Two-Dimensional Intrinsic Ferromagnetism at Nitride-Boride Interfaces

We predict theoretically novel two-dimensional interface ferromagnetism at $\mathrm{AlN}/{\mathrm{MgB}}_2(0001)$ using first-principles calculations, where the interface is employed as an ordered structure of spin sites instead of point defects. Although N dangling bonds are apparently saturated, interfacial states exhibit spin polarization. Hund’s coupling of the two N $p_{\parallel }$ orbitals as well as low density of states at the Fermi energy contribute to strong band ferromagnetism. Furthermore, first-principles electron transport calculations demonstrate that this interfacial spin polarization is responsible for quantum spin transport. The magnetization can be controlled by applied gate bias voltages.

Figure 1

(a) Two-dimensional energy bands of the $\mathrm{AlN}/{\mathrm{MgB}}_2$ interface structure. (b) Wave function for one of the spin-polarized states with the up-spin at the $\Gamma$ point.

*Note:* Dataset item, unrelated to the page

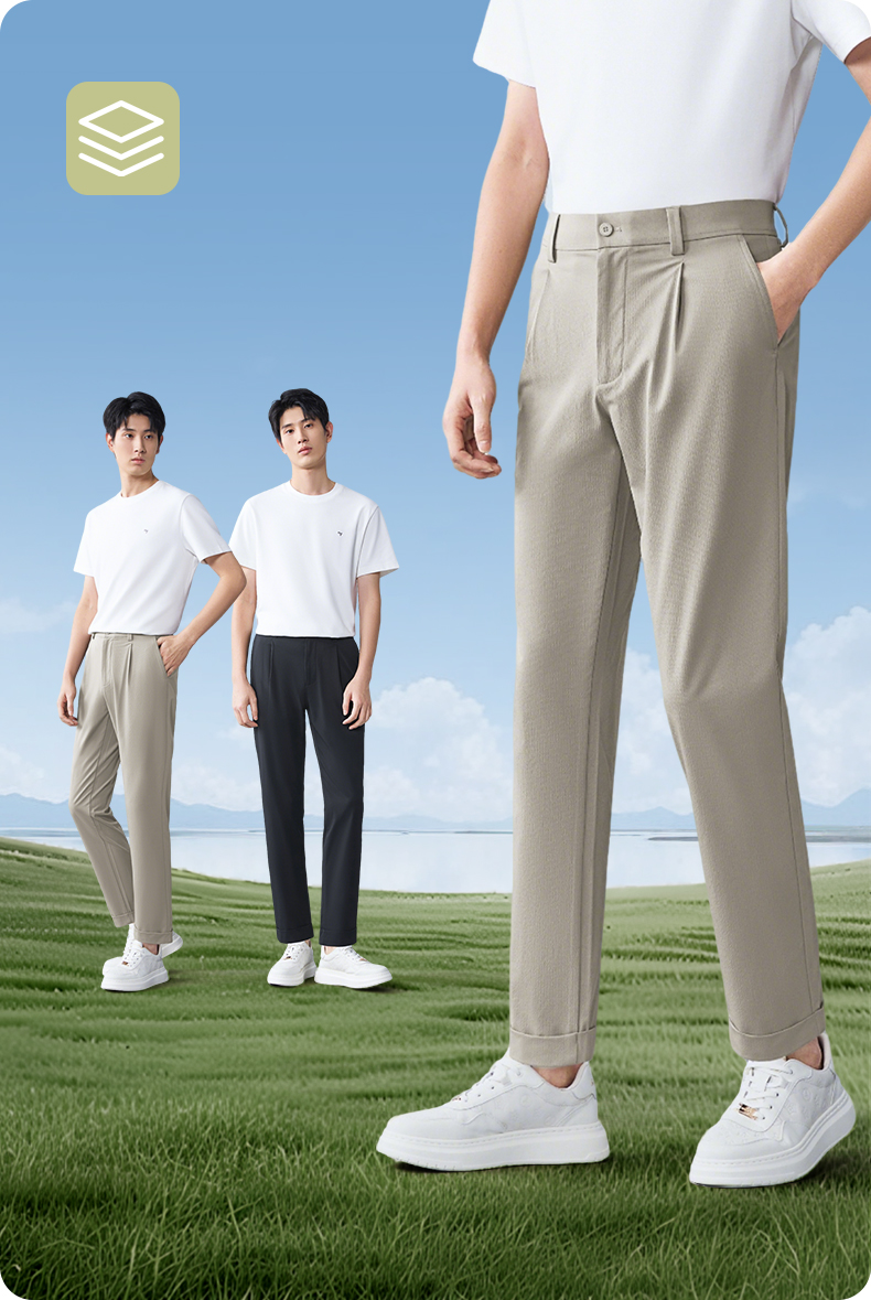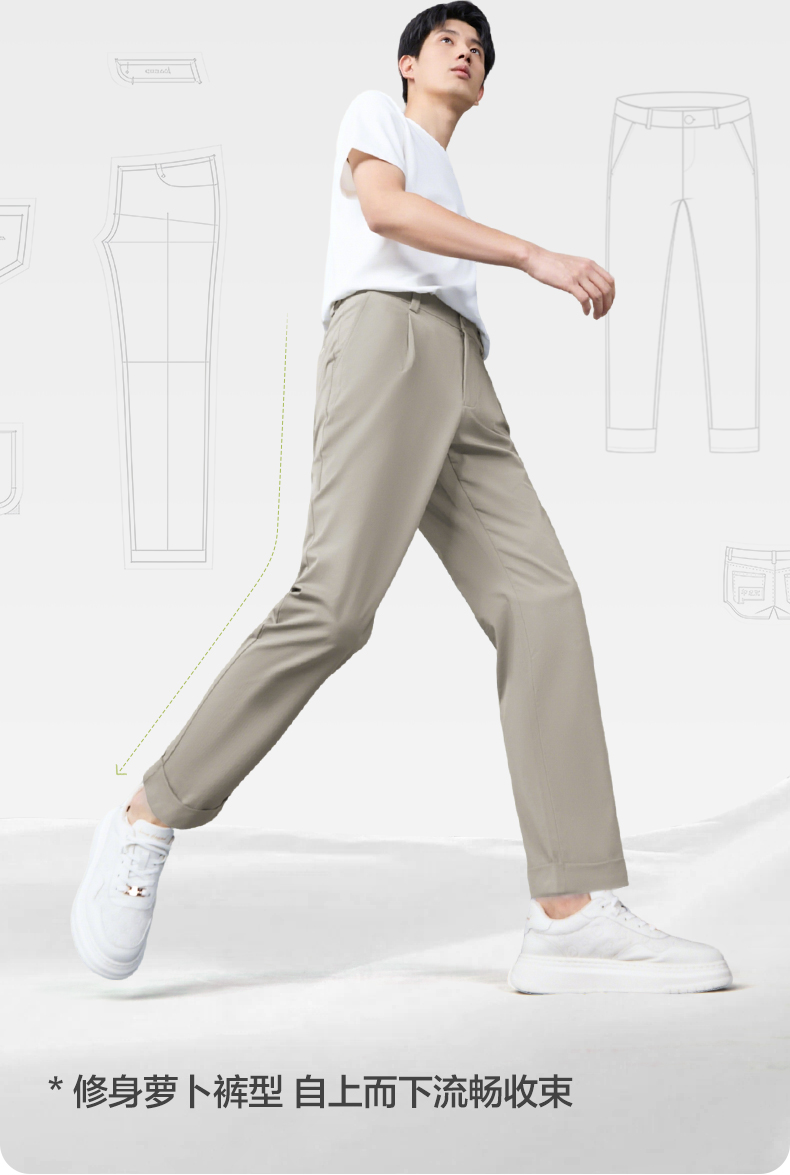 【萝卜裤】柒牌男装2026春季九分锥型都市休闲商务中青年梭织长裤130H70200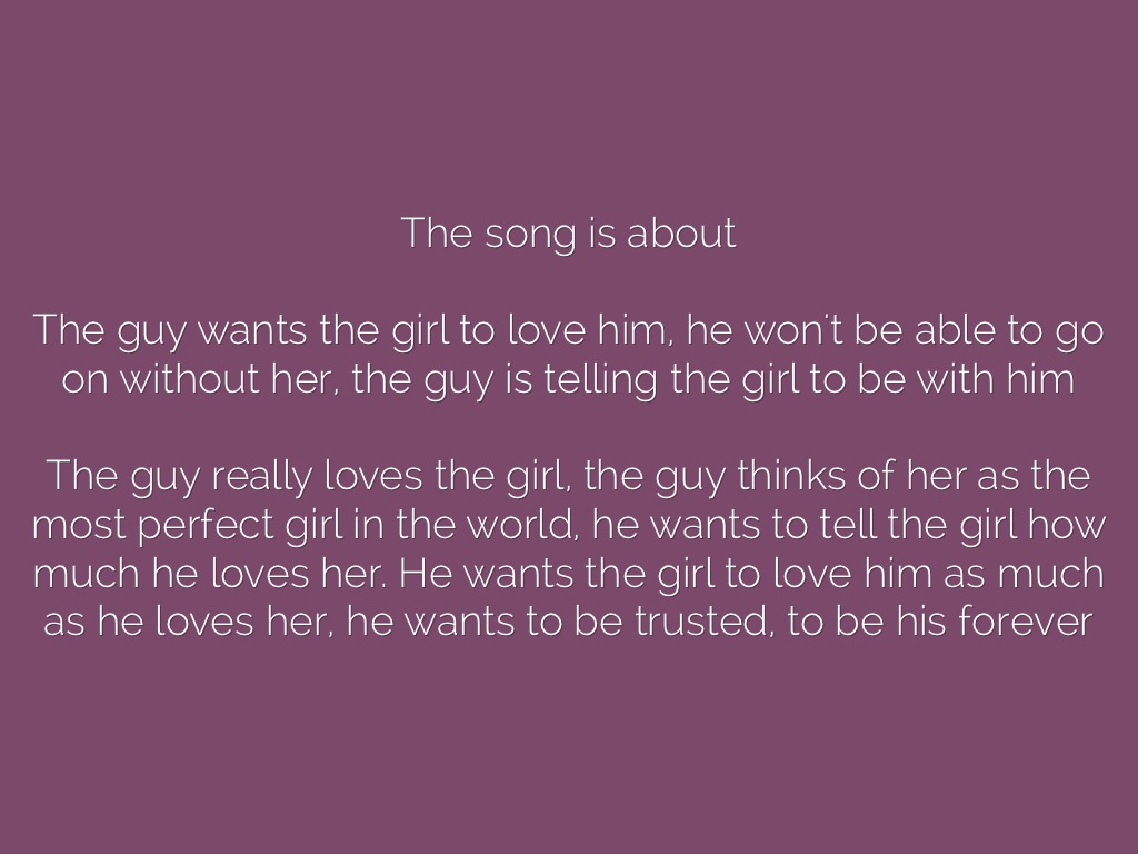 The guy really loves the girl, the guy thinks of her as the most perfect girl in the world, he wants to tell the girl how much he loves her. He wants the girl to love him as much as he loves her, he wants to be trusted, to be his forever

The contour value is 20% of the maximum, and the yellow isosurface is for the positive phase and the turquoise blue one is for the negative phase. (c) The LDOS of the interface N atom projected on the $p_{\parallel }$ states for the ferromagnetic configuration (solid lines, color) as well as the antiferromagnetic configuration (dashed lines, black). The LDOS of single atom in (d) bcc Fe as well as in (e) fcc Ni for comparison. Lines are defined as in (c).

Figure 2

(a) Atomic structure of the Pt-($\mathrm{AlN}/{\mathrm{MgB}}_2$)-Pt system used in our first-principles transport calculations. (b) Transmission functions calculated for the Pt-($\mathrm{AlN}/{\mathrm{MgB}}_2$)-Pt system. The dotted curve is the difference in transmission between the down-spin (dashed) and the up-spin (solid). (c) Same as (a), except the bulk-Pt electrodes are replaced by hypothetical 2D Pt sheets. (d) Transmission functions for the system depicted in (c).

Figure 3

The magnetic moment of the $\mathrm{AlN}/{\mathrm{MgB}}_2$ interface as a function of the gate-induced charge at the interface N atom.

Figure 4

(a) Electron density distribution (per spin) of the $\mathrm{GaN}/{\mathrm{ZrB}}_2$ interface at ${\epsilon }_F$. (b) Spin-resolved electron density distribution of the $\mathrm{AlN}/{\mathrm{MgB}}_2$ interface at ${\epsilon }_F$. Both yellow isosurfaces are for the value of 0.0008 a.u.